= Adam Bassett =

British lighting designer

Adam Bassett (born 5 November 1978) is a British Lighting designer working in the worlds of live performance, theatre, art and architecture.

==Education==
Bassett trained at the Central School of Speech and Drama in London, graduating in 2000.

==Career==

Bassett began his career in lighting in 2000 and since then has lit and directed productions for many artists including Scandal, Simply Red, Adele, Elton John, The Rolling Stones, Take That, Lady Gaga, Genesis, Mark Ronson, Spandau Ballet, Emeli Sande.

In theatre and dance Bassett has lit productions including Hugh Jackman World Tour, The Band (Take That Musical), Bear Grylls Endeavour, Phantom of the Opera 25th Anniversary, Batman Live World Tour, Into the Hoods, Ant and Dec Saturday Night Takeaway, Holiday on Ice.

He has lit Battersea Power Station, The Shard Installations and Dinosaurs in the Wild and continues to assist The Wynn Hotels in Las Vegas with the exterior lighting systems.

Bassett first started working with Patrick Woodroffe in 1999 on the then Millennium Dome, lighting both the show inside and the exterior of the building. He worked with Woodroffe on Martin Scorsese's Shine a Light, the 2006 documentary of the Rolling Stone’s Beacon Theatre performances during their A Bigger Bang Tour.

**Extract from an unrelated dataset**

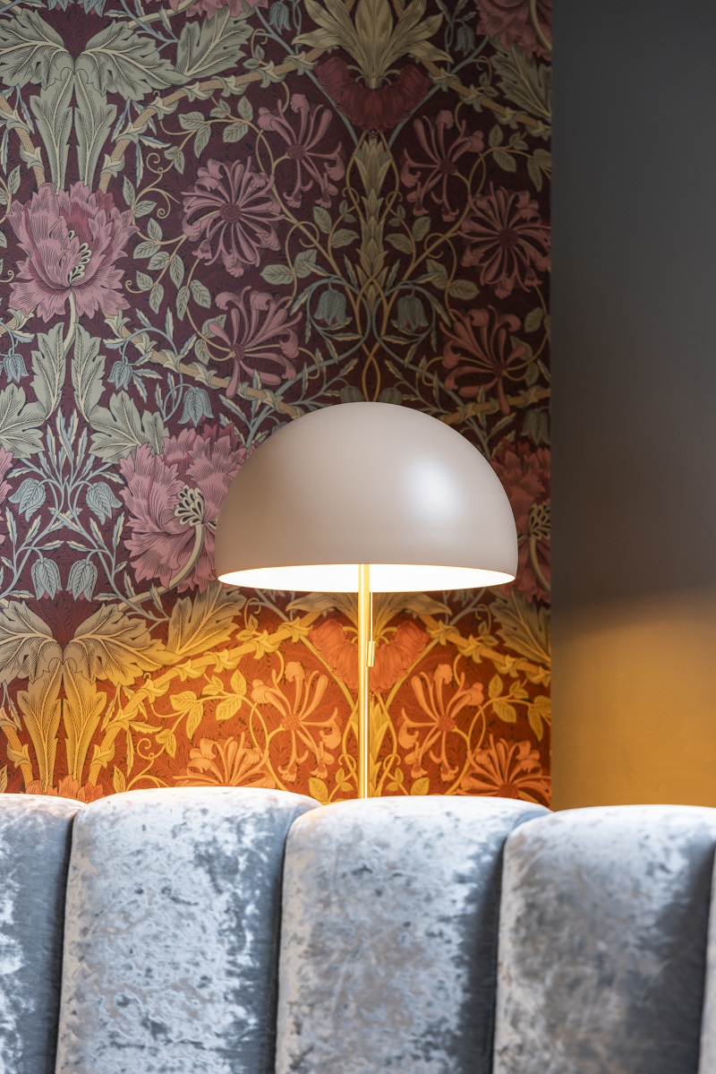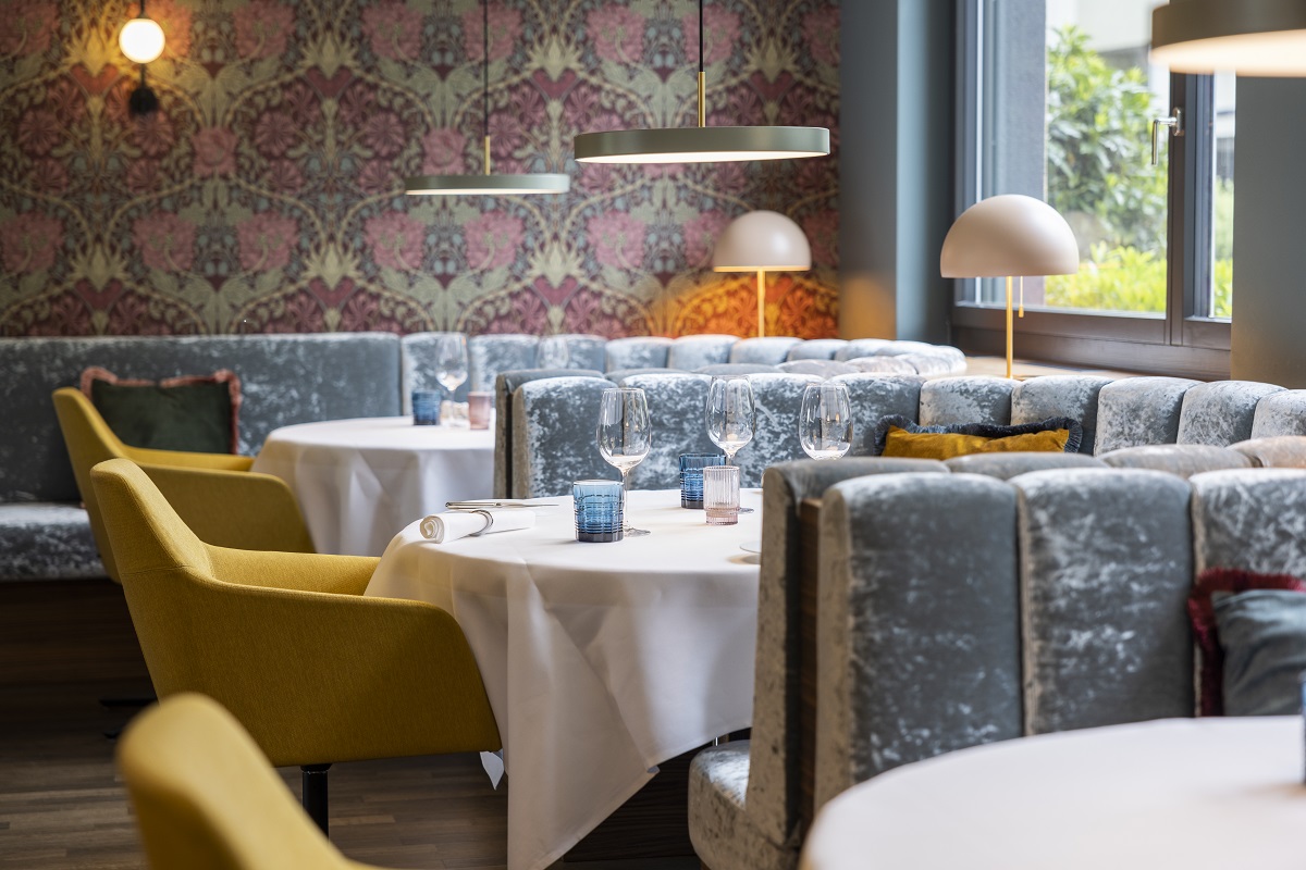 Ein besonderes Highlight war das Tapezieren mit den Mustertapeten der Marke William Morris. Diese Tapeten bringen eine klassische Eleganz mit sich und verleihen dem Restaurant eine unverwechselbare Atmosphäre.

In 2013 he and Patrick Woodroffe created the lighting consultancy, Woodroffe Bassett Design (WBD). The company operates globally designing lighting for many different genres including music, theatrical performance, special events as well as permanent architectural entertainment installations.

Since 2003 Bassett has lit the Vanity Fair Oscar parties in Los Angeles. He is the lighting designer for the Doha Film Festival in Qatar, which he has done since the first festival was held in 2009.

In 2012 he was the associate lighting designer for the opening and closing ceremonies of the 2012 London Olympics and Paralympics.

Bassett was the lighting designer for The 4th Islamic Games opening and closing ceremonies in Baku. In 2018 he started work as the Principal Consultant and Lighting Designer for Expo 2020.

In 2019 he lit the Pan American Games opening ceremony in Lima and 48th UAE National Day. In 2022 Bassett was the lighting designer for Royal Edinburgh Military Tattoo.

==Awards and nominations==
In 2004 Bassett was received the EDDY Award for the best “Composite Lighting Team”. In 2012 he was nominated for an Emmy at the 65th Primetime Emmy Awards, for Outstanding Lighting Design/Lighting Direction for a Variety Special, for his work on the 2012 London Olympics opening ceremony. In 2016 he was award the Knight of Illumination Awards for the lighting design of The Rolling Stones Exhibition.